Requirement
Leave the pictures in the listing below aside and reproduce exactly the lines starting with the one with "本文关于明基nReaderK60电子书的简介就讲解完毕,希望对大家有所帮助。" and going on through the one with "Ezt a terméket", both ends included.

Input data
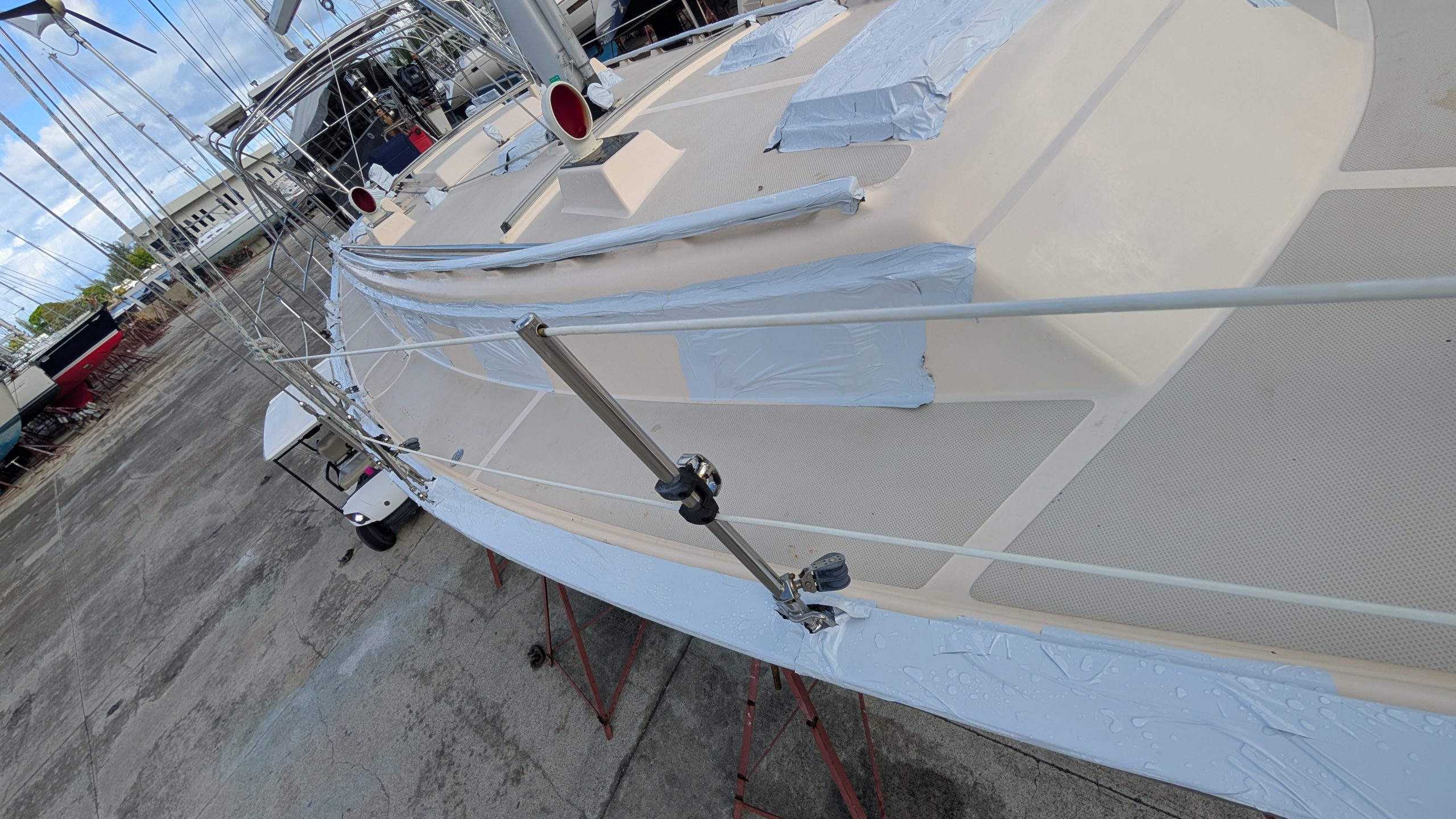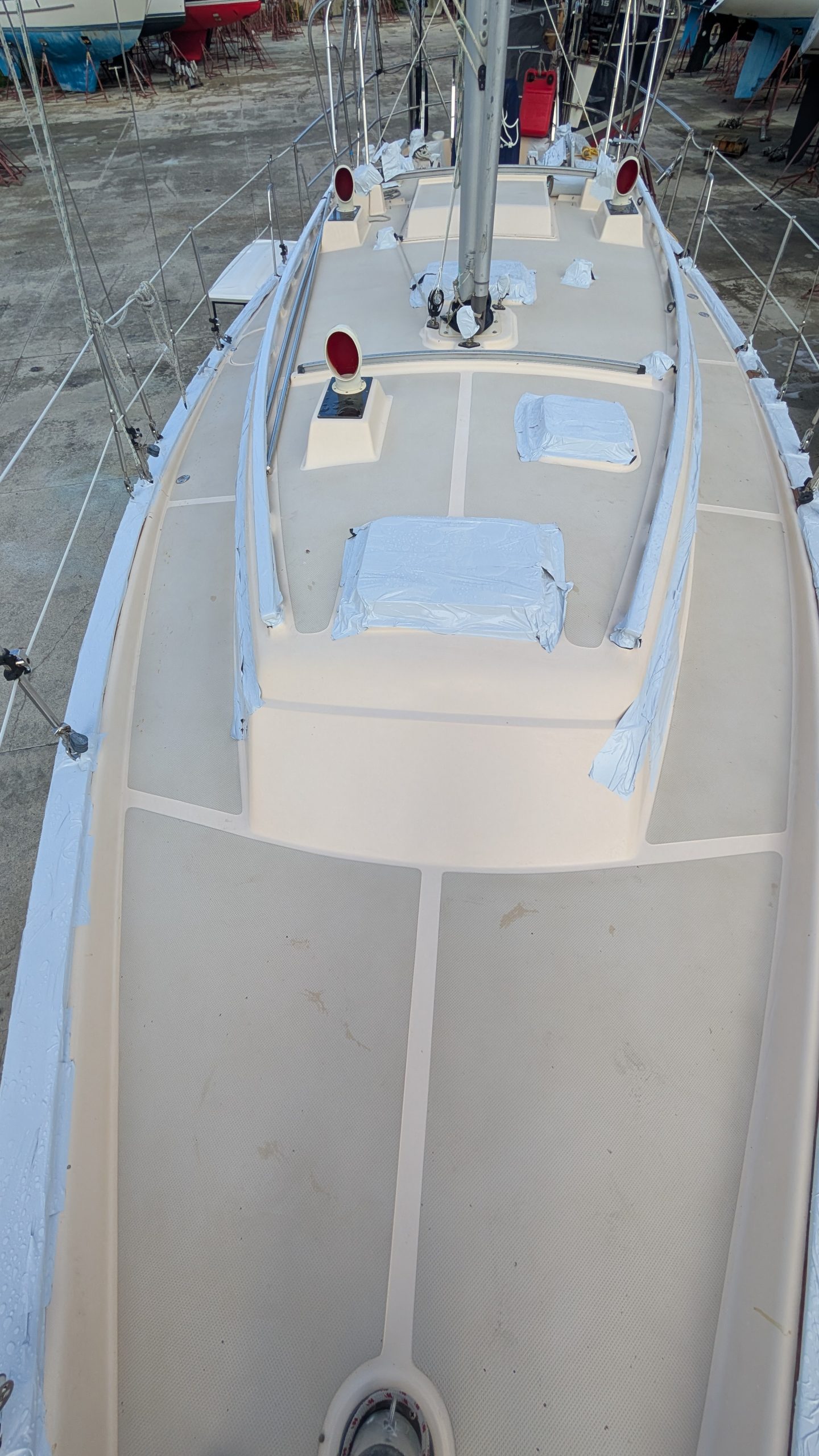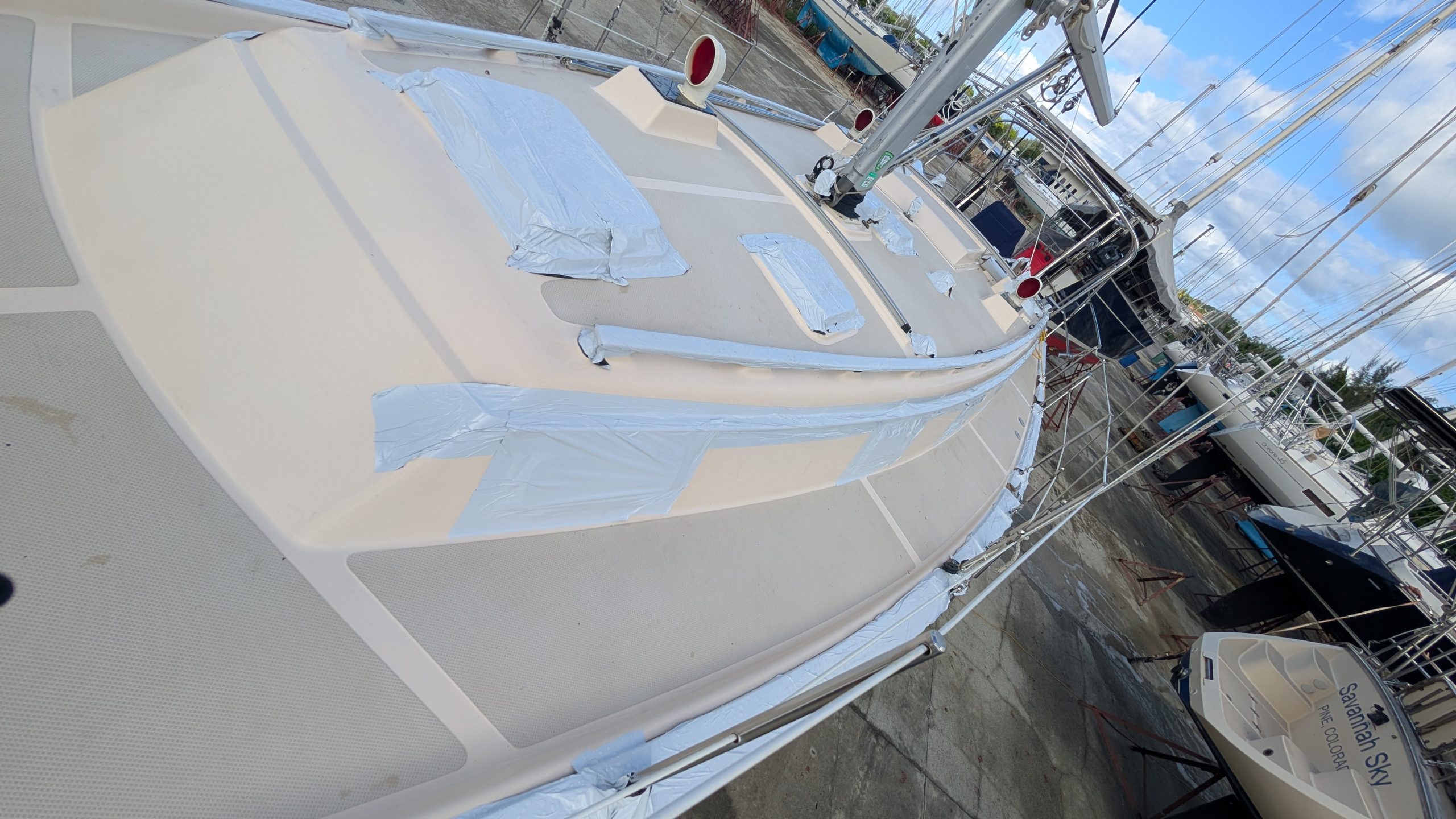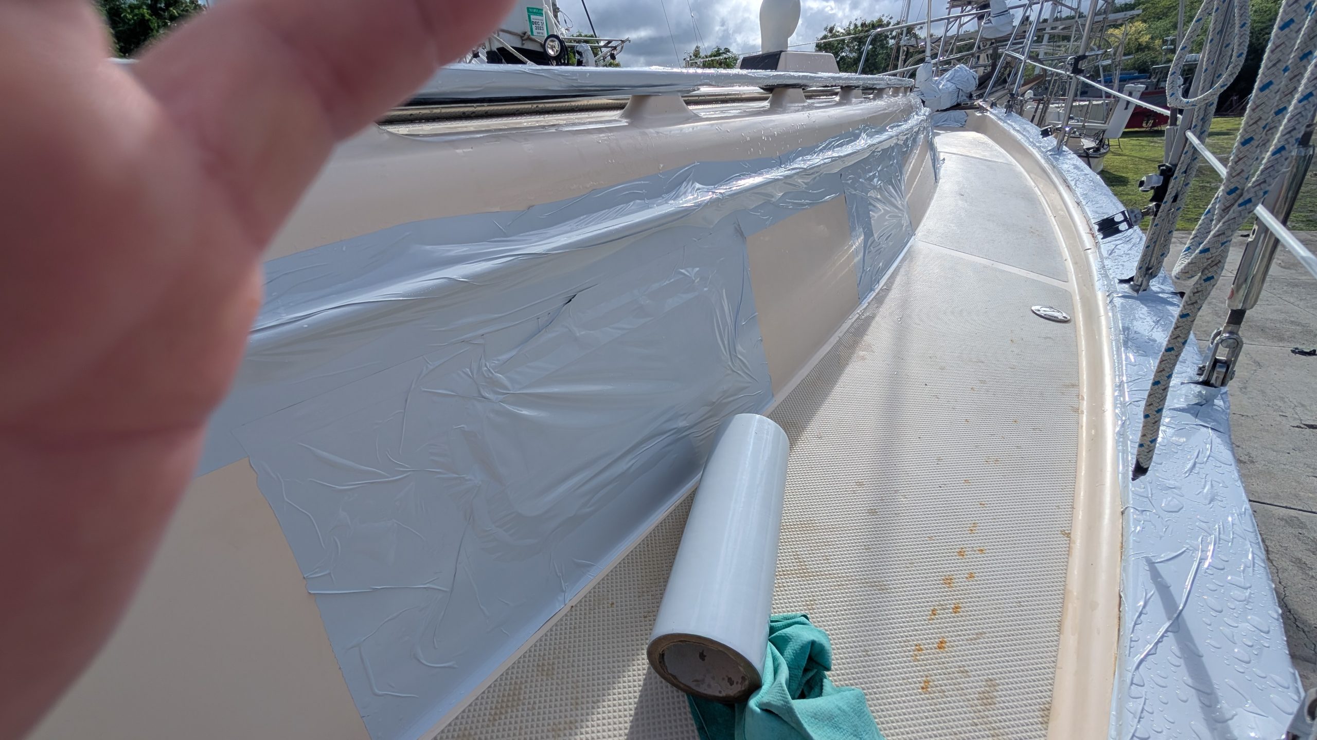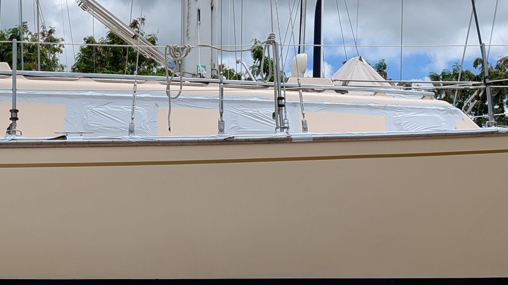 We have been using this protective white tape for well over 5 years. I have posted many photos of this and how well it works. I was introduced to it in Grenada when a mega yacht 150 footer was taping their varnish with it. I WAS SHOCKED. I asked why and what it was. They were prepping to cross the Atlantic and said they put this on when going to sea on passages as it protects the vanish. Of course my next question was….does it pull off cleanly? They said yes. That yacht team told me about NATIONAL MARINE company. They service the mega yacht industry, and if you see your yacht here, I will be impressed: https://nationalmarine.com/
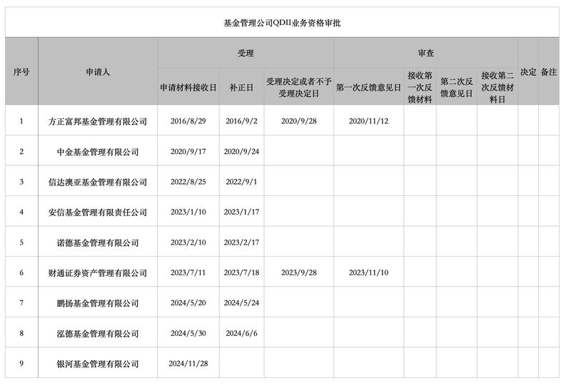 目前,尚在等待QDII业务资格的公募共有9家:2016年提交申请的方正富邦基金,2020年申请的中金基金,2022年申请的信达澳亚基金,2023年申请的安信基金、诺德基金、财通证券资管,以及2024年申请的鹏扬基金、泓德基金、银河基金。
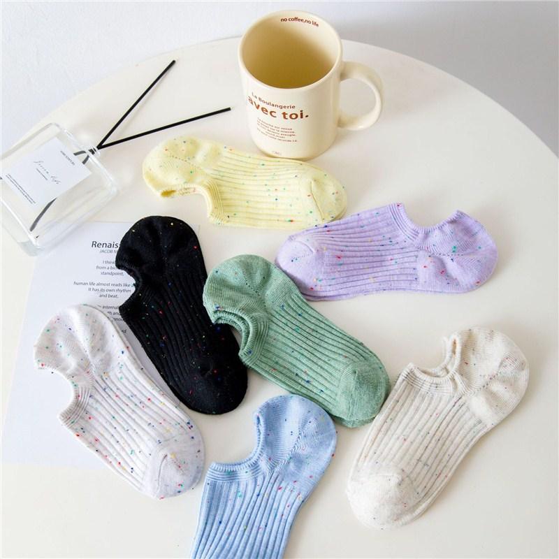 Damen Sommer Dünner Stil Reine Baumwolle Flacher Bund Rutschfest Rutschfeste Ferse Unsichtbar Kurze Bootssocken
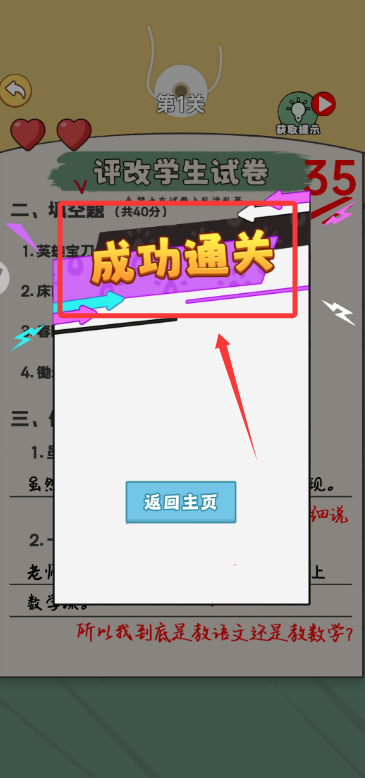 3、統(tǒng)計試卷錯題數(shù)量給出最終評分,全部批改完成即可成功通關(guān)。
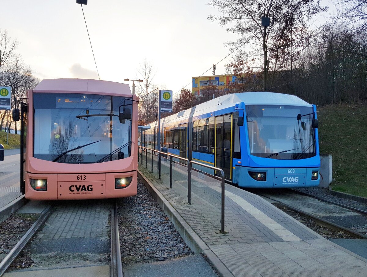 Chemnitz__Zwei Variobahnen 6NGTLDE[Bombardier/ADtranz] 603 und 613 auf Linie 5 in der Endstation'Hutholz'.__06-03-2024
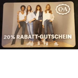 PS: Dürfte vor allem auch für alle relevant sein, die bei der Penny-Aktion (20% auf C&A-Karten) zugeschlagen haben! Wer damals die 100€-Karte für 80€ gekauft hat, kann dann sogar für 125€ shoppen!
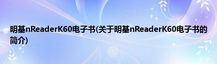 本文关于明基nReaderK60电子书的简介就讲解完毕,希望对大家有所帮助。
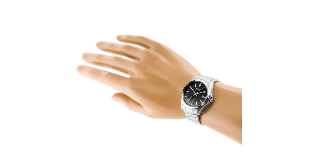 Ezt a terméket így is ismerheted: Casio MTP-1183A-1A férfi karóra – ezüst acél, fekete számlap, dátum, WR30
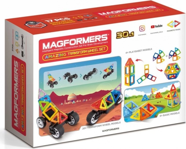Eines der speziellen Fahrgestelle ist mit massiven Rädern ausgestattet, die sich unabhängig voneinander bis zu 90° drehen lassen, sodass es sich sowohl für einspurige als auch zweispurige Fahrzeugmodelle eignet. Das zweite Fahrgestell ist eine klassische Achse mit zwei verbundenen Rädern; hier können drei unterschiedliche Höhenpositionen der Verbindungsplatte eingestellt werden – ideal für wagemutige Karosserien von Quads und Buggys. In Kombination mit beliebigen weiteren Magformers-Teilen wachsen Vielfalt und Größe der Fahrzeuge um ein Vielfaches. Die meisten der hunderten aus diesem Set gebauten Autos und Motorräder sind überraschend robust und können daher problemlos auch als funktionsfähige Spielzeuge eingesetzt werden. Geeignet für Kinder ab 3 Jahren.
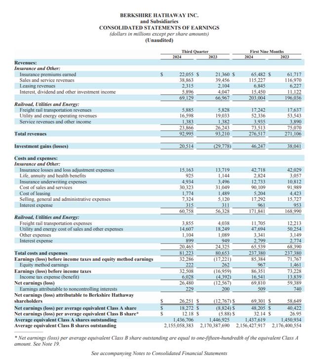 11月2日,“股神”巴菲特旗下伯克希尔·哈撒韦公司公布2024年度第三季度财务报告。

Solution below
 本文关于明基nReaderK60电子书的简介就讲解完毕,希望对大家有所帮助。
 Ezt a terméket így is ismerheted: Casio MTP-1183A-1A férfi karóra – ezüst acél, fekete számlap, dátum, WR30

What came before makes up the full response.